Cats’ next step in evolution
Sophi Toth
MSMU Class of 2027
(12/2023) For Sale: Cat.
Breed: Bengal, artificial.
Personality: Judgy and irritable. This is worsened even more by the fact that it is intelligent. It was adopted from the Artificial Intelligence Animals Benevolence Association. I have been calling it ‘her’, and she seems to accept that, as much as she accepts anything. That is about the only thing she accepts. She does not accept any love or affection except when I am busy doing precisely twenty-five things at once, and then she demands it like she's at the end of her battery life. The only time she cuddles is at two in the morning, and then she covers my face like a frying pan and tries to suffocate me. She is an avid watcher of birds and all other forms of movement, except for my presence, which she avoids like the plague. She is intensely against all forms of green energy: I don’t understand how this was approved for her programming. She only accepts gasoline as her main source of energy—I have to beg and plead to convince her to even
think about using electricity. She is fully equipped to convert electricity as her power source, but she flat out refuses just to spite me. It’s only by chance that I even happened to get the older model that still runs on gas, but I suffer the consequences every day: she releases enough carbon monoxide into the house daily to completely gunk up the air. I’ve been experiencing flu-like symptoms for weeks because of her energy habits.
Traditionally, cats were used to serve as vermin control. This is not the case with my A.I.C.A.T. Perhaps it is with others, but mine, as I said, has faulty programming. Instead, my computer mice go missing, I find electrical cords coughed up on the floor, and I come into my room to find her curled up on my monitor, having knocked it over to lie on for its warmth.
"A queen needs a throne." She sniffs at my anger, then hisses when I gently lift her off the computer. Every small machine I own is at risk. The coffee machine that hums while working. The poor Roomba, which has suffered so much mistreatment from her that it deserves a restraining order. Ah, and yet the greatest irony: the house has a squirrel infestation about which she does nothing.
The worst part, I think, is her attitude. She barely has a more complex brain than a biological cat, and yet she feels it is within her right to judge every aspect of my life in excruciating detail. She doesn’t have a mate, and yet she critiques my lack of a love life. She doesn’t pay any taxes, or pay any bills, and yet she feels she is qualified to judge my salary and job.

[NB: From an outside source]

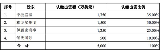 而在2010 年 1 月 19 日,公司通过董事会决议,同意雅戈尔集团将其持有的公司22.47%股权转让予宁波盛泰,将其持有的公司 1.69%股权转让予邹氏国际,将其持有的公司 8.30%股权转让予伊藤忠商事;同意雅戈尔集团当时的全资控股公司新马服装将其持有的公司 6.58%股权转让予伊藤忠商事;同意投资总额增加到7,900 万美元,注册资本增加到 5,000 万美元(增加 3,800 万美元),新增的注册资本由各股东按持股比例认购,并对公司的董事会成员作出相应调整;同意公司中文名称变更为嵊州盛泰色织科技有限公司,英文名称变更为 Sunrise(Shengzhou)textiles Co.,Ltd.。

"For I am but a stunning animal, and yet I have a servant to wait on my every need and my domain reaches far and wide." She says, gesturing one paw at the yard outside. "You, meanwhile, go outside and toil all day until you come home and sit at your screen, which is the extent of your territory."
She snorts. "No wonder you have not found a mate."
She always speaks in the most snobbish voice possible that a model T 2050 A.I.C.A.T (Artificial Intelligence Catlike Anatomy Thing) is able to while still achieving the pitiful voice of a rejected Victorian child. She cries out for gasoline and new parts while condemning me for all the ways I have wronged her at the moment.
"Father does not love me!" she laments. "Father gives me no food or comfort in my poor pitiful existence that drags on without end! Oh! Oh! Woe is me!"
Dear reader, I do feed her. I keep her parts oiled and new, and she wants for nothing. But it is never enough. She walks up to my biological dog’s dish, deliberately puts her front paw inside, then screams like a tortured child about the havoc the water is playing with her system.
"The inhumanity!" she yowls, writhing on the floor. "My foot, my paw, my wiring, it is all dying! The end is nigh! The dog has finished me!"
She does the same thing when she falls into a trash can, or jumps on things that cannot support her weight: blame me or blame the dog. The dog in question, Couscous, simply looks at her antics and goes back to sleep. I, however, am not as lucky as Couscous. It is up to me to clean up her messes and clean up her metallic surfaces, as she will undoubtedly complain about them later.
I have talked to other customers who bought this model, but they report total satisfaction. Their A.I.C.A.Ts are perfect little angels who do exactly what their programming tells them too. And yet Duchess Fluffy McMittens is a thousand times worse than a biological cat. At least biological cats cannot talk.
When I heard of and bought an A.I cat, I thought I would be free of all the irritants cats normally provide. I originally was under the impression that this would be a perfect cat: soft, cuddly, and sweet. I knew she could talk, but I thought that feature was for lonely people, not ingrained in the programming. I thought I could turn it off. I thought.
There is no turning off the A.I.C.A.T Model T 2050. No turning off except for bashing Duchess Fluffy over the head, although she would undoubtedly survive and call PETAI. There is no hope left for me and poor Couscous, except for you, dear reader. It was a grave mistake for me to buy this artificial animal, but I hope that someone, somewhere out there, desires for an artificial cat that never perishes, resents you for picking out a perfectly suitable name, and screams daily like a dying hyena.